Rice grain weight is a significant quantitative trait which is determined by length, width, thickness, and filling of rice (Xing and Zhang 2010). Now a series of grain weight-related genes were identified in rice, such as GS3, GW2, and GS5. GS3, a vital gene for rice grain length and weight, encodes a membrane protein composed of four different functional domains and acts as a negative regulator for grain size (Fan et al. 2006; Mao et al. 2010; Takano-Kai et al. 2009). GW2 encodes an atypical RING-type E3 ubiquitin ligase and negatively modulates cell division through the ubiquitin–proteasome pathway (Song et al. 2007). GS5 encodes a putative serine carboxypeptidase and acts as a positive regulator of grain width and grain weight (Li et al. 2011).
Although the FWL genes were reported to be general regulators of plant fruit and organ size (Guo and Simmons 2011), the molecular characteristics of FWL gene family in rice is still unclear. To provide a global glimpse of FW2.2/CNR1 homologs in rice, we investigated their gene family members, chromosomal locations, gene structures, protein motifs, phylogenetic relationships, expression patterns, and subcellular localizations in this study. Moreover, the phenotypic test of osfwl3 and osfwl5 mutants indicated that OsFWLs may regulate seed size or plant height in rice.
Materials and methods
Identification and analysis of OsFWL genes
The amino acid (aa) sequence of FW2.2 was used as a query to blast The Rice Annotation Project Database (RAP-DB, http://rapdb.dna.affrc.go.jp/) with BLASTP. Then, domain search was executed against Rice Genome Annotation Project database (RGAP, http://rice.plantbiology.msu.edu/domain_search.shtml) (Kawahara et al. 2013). The full length cDNA sequences of OsFWL were searched in Knowledge-Based Oryza Molecular Biological Encyclopedia database (KOME, http://cdna01.dna.affrc.go.jp/cDNA) (Kikuchi et al. 2003). Co-expression analysis was executed on Rice Oligonucleotide Array Database (ROAD, http://www.ricearray.org/index.shtml) (Cao et al. 2012).

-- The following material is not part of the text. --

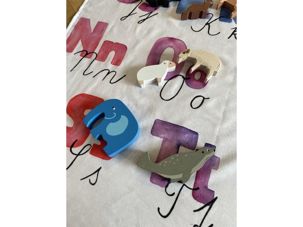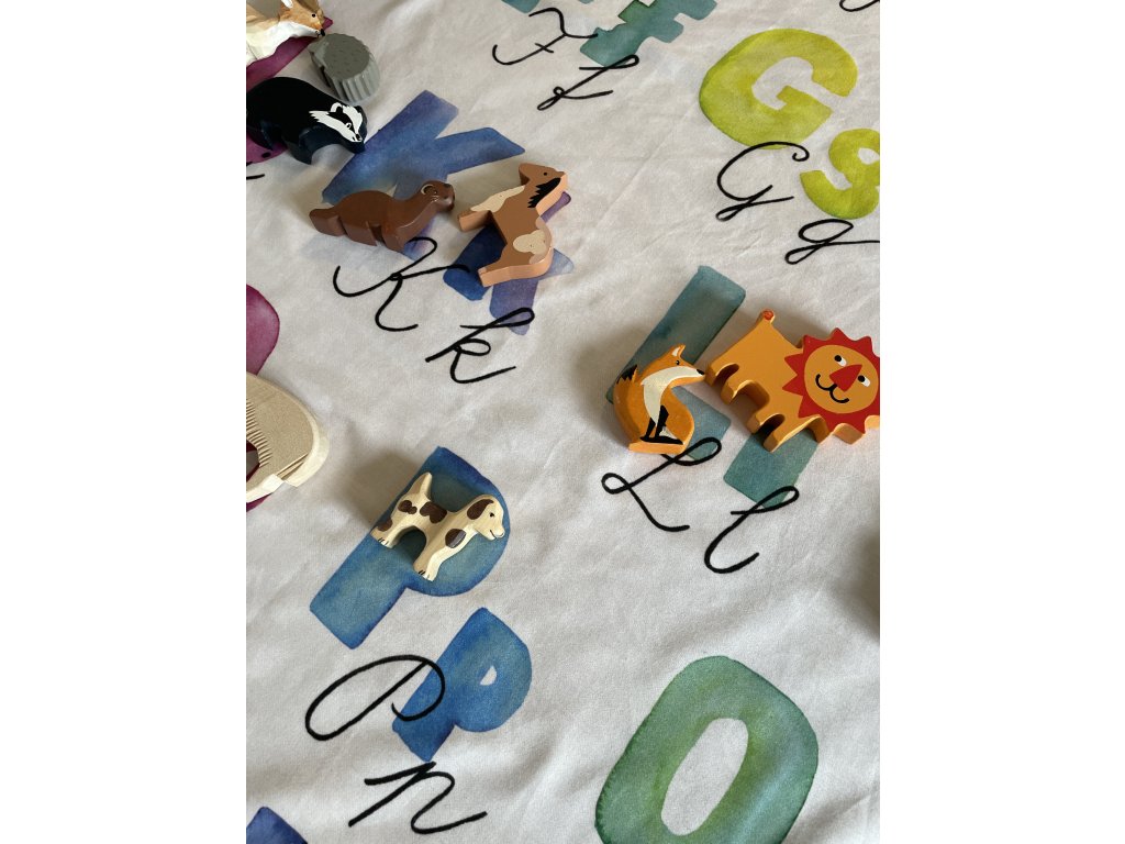 Zo zadnej strany sú v hornej časti našité dve ušká, takže si šatku môžete zavesiť na stenu ako dekoráciu, alebo ju upevniť pri hre ako zavesené pozadie. Nechýba ani štítok s inštrukciami na pranie.

The analysis of chromosomal localization, gene structure, protein motif, and phylogenetic relationship
The chromosomal localization data of OsFWLs were obtained from RGAP and mapped by MapChart 2.2 software. Gene structures of OsFWLs were analyzed by comparing the genomic sequences with their corresponding full length cDNA sequences. Then, the exon–intron organizations were mapped by Gene Structure Display Server (GSDS, http://gsds.cbi.pku.edu.cn/) (Guo et al. 2007). Multiple sequence alignment was performed by ClustalW (Larkin et al. 2007). “DAS” Transmembrane Prediction Server (http://www.sbc.su.se/~miklos/DAS/maindas.html) (Cserzo et al. 1997) was used for membrane topology analysis. The phylogenetic tree was constructed using MEGA4.0 (Tamura et al. 2007) by the neighbor-joining method with 1,000 replicates bootstrap analysis.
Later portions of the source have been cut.